→ TASK TO CARRY OUT
From the listing that follows, reproduce only the lines from the one holding "Thresher Brothers Silk" through the one holding "The paper presents", both included, with no pictures.

→ DATA EXCERPTS
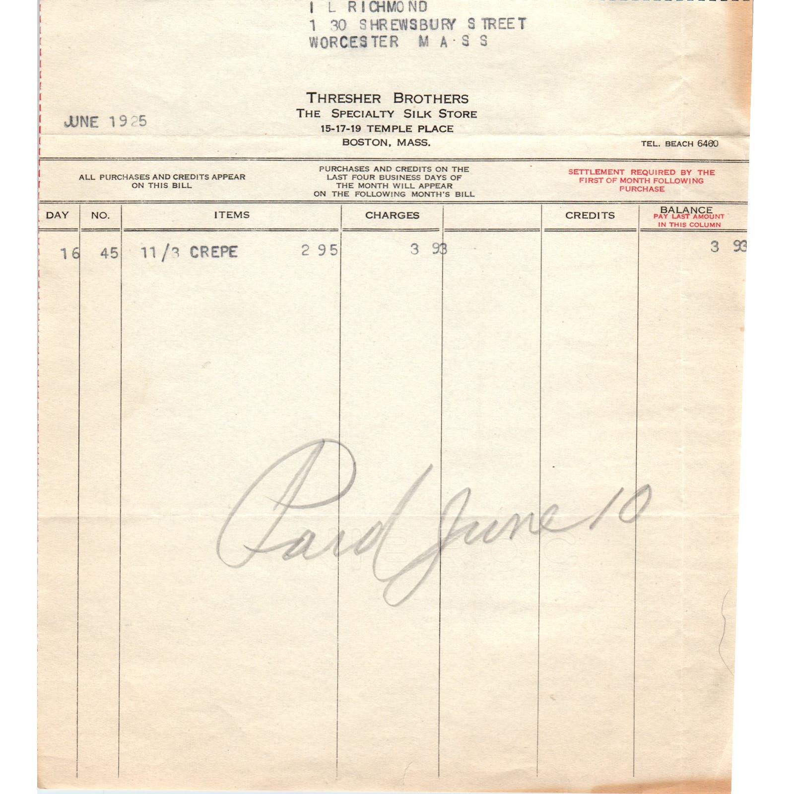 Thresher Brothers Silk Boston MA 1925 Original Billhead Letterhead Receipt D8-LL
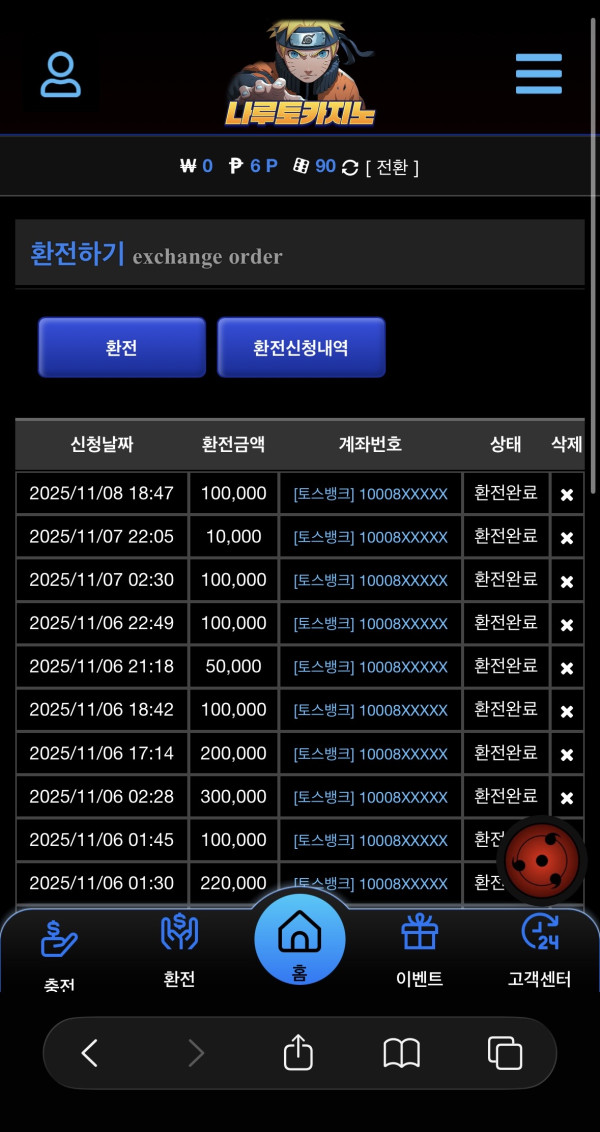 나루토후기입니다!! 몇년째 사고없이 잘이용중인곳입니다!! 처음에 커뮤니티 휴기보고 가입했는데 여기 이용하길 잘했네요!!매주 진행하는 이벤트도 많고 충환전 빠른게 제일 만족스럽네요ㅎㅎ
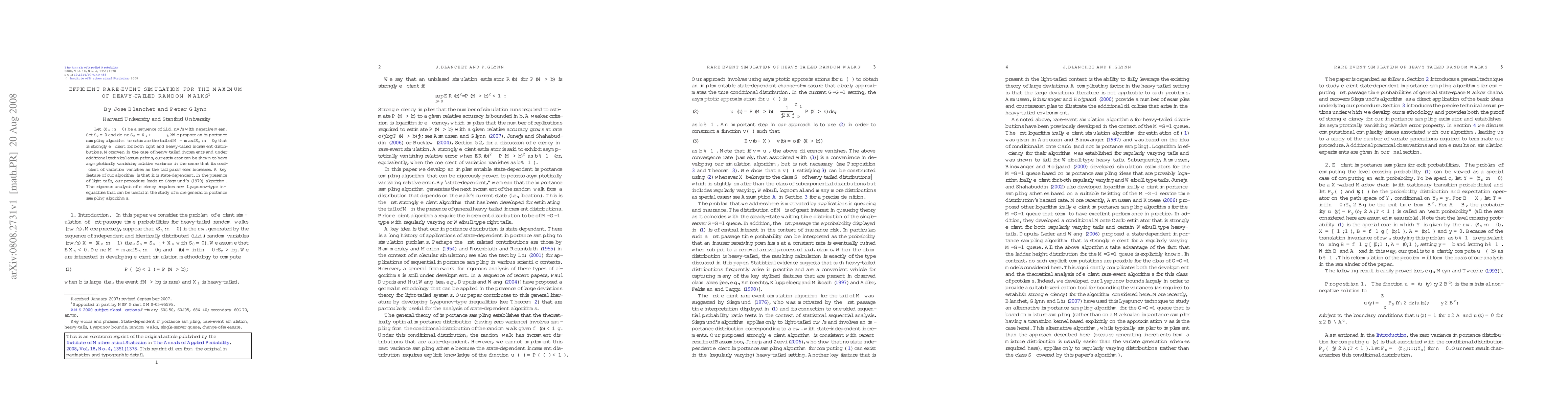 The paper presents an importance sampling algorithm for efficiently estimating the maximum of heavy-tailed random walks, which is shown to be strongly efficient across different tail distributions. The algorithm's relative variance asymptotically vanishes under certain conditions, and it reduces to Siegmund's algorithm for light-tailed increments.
==
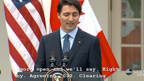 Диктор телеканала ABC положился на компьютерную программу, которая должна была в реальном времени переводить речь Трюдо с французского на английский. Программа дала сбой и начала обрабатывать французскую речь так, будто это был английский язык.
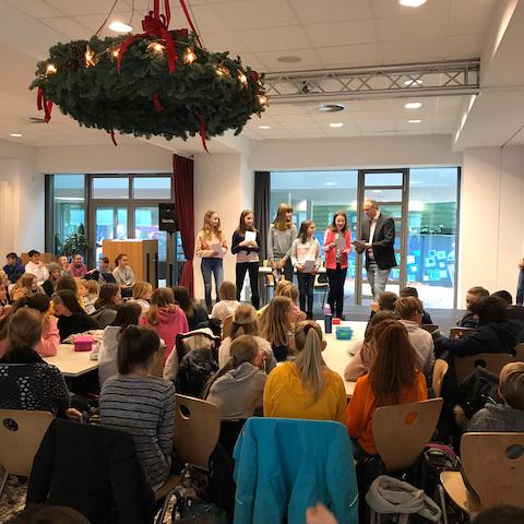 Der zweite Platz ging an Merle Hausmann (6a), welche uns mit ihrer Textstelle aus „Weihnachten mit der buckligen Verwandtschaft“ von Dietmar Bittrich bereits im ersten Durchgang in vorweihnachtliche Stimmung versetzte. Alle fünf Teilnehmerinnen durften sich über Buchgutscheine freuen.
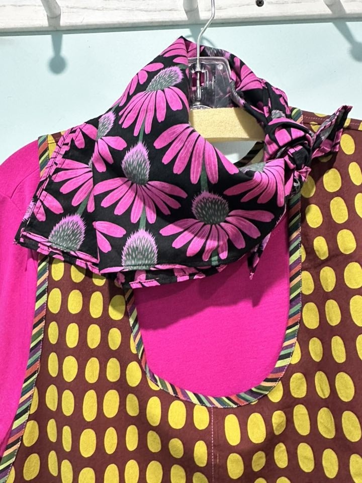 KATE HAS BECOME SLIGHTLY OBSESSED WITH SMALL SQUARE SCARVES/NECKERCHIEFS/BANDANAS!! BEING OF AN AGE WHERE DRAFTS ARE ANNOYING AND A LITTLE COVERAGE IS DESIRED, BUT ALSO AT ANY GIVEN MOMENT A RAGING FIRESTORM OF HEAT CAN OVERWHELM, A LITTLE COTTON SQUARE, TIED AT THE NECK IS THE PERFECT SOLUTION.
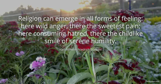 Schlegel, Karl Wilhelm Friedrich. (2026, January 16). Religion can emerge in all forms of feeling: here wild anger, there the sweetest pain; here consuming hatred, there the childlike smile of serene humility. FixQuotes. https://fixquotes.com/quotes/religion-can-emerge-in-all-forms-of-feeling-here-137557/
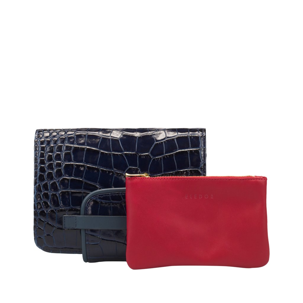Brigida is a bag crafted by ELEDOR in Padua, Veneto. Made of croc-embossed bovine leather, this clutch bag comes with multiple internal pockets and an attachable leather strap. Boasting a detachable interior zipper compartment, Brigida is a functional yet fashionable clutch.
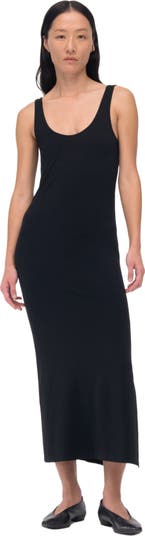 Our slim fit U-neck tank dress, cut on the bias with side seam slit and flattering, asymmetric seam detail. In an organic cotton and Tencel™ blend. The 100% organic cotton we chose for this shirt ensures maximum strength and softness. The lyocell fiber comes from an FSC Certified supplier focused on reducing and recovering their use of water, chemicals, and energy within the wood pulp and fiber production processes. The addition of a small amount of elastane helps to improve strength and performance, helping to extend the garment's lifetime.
---
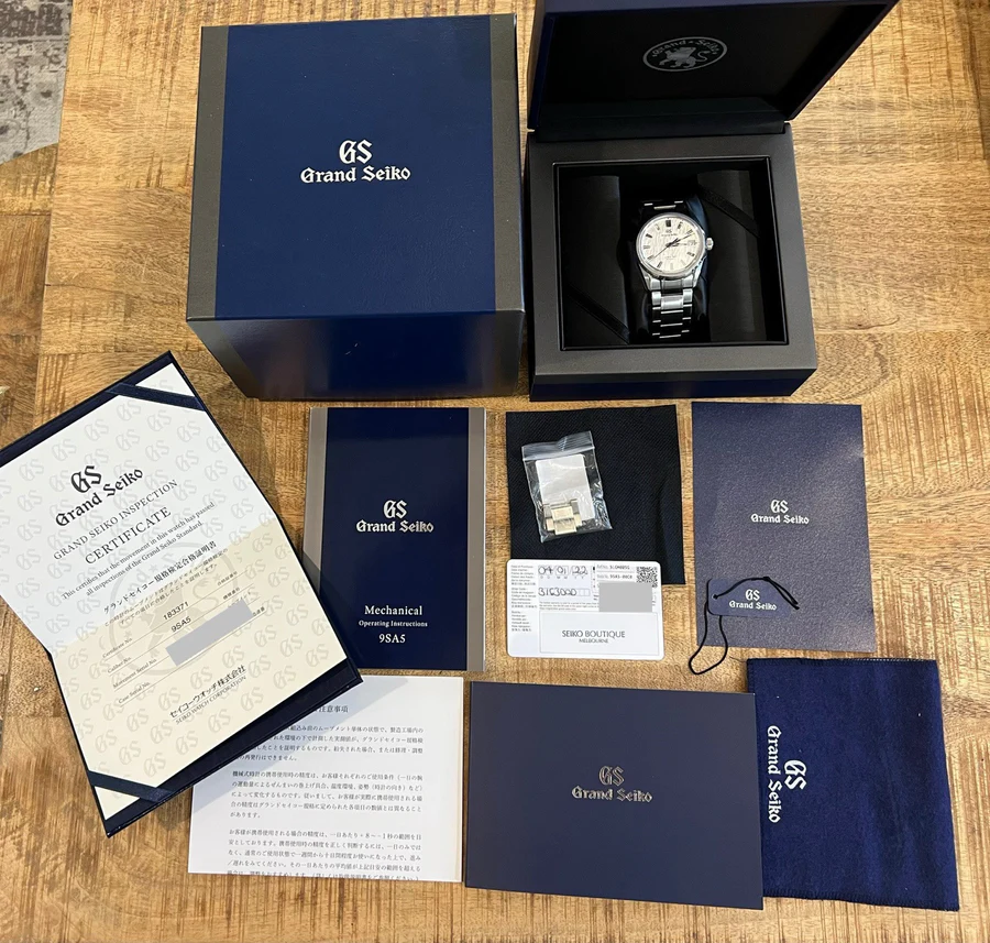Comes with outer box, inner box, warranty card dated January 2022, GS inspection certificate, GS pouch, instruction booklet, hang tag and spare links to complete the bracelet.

→ EXERCISE RESPONSE
 Thresher Brothers Silk Boston MA 1925 Original Billhead Letterhead Receipt D8-LL
 나루토후기입니다!! 몇년째 사고없이 잘이용중인곳입니다!! 처음에 커뮤니티 휴기보고 가입했는데 여기 이용하길 잘했네요!!매주 진행하는 이벤트도 많고 충환전 빠른게 제일 만족스럽네요ㅎㅎ
 The paper presents an importance sampling algorithm for efficiently estimating the maximum of heavy-tailed random walks, which is shown to be strongly efficient across different tail distributions. The algorithm's relative variance asymptotically vanishes under certain conditions, and it reduces to Siegmund's algorithm for light-tailed increments.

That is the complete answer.